◆ PROMPT
In the material below, find the line with "- Máy hàn que" and the line with "近日,安徽建工集團公布202", then output both and every line between them exactly, omitting pictures.

:: RECORDS FOR THE TASK ::

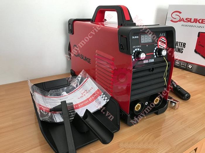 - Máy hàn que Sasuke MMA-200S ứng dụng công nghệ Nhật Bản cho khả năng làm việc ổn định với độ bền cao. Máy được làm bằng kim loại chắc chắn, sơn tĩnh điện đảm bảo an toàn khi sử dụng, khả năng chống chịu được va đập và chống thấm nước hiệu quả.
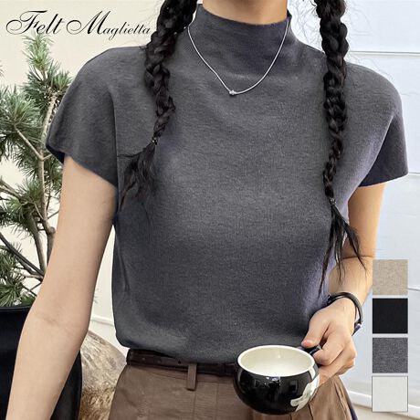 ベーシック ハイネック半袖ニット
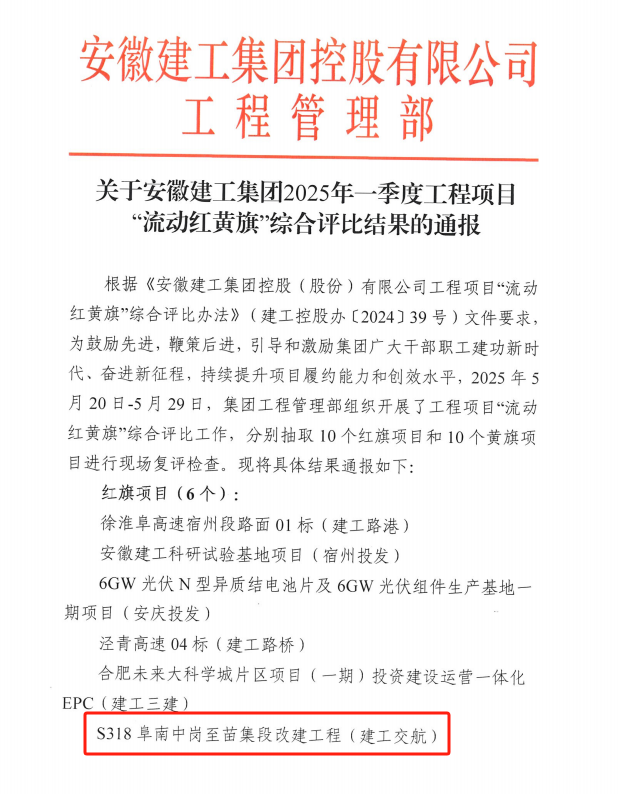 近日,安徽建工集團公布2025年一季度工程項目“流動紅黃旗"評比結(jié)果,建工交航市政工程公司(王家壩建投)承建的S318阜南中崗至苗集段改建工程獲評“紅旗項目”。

:::
:: RECORDS FOR THE TASK ::

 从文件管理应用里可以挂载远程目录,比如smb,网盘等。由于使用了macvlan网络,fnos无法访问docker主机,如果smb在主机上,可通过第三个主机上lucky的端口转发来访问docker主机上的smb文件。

:::

◆ YOUR RESPONSE
 - Máy hàn que Sasuke MMA-200S ứng dụng công nghệ Nhật Bản cho khả năng làm việc ổn định với độ bền cao. Máy được làm bằng kim loại chắc chắn, sơn tĩnh điện đảm bảo an toàn khi sử dụng, khả năng chống chịu được va đập và chống thấm nước hiệu quả.
 ベーシック ハイネック半袖ニット
 近日,安徽建工集團公布2025年一季度工程項目“流動紅黃旗"評比結(jié)果,建工交航市政工程公司(王家壩建投)承建的S318阜南中崗至苗集段改建工程獲評“紅旗項目”。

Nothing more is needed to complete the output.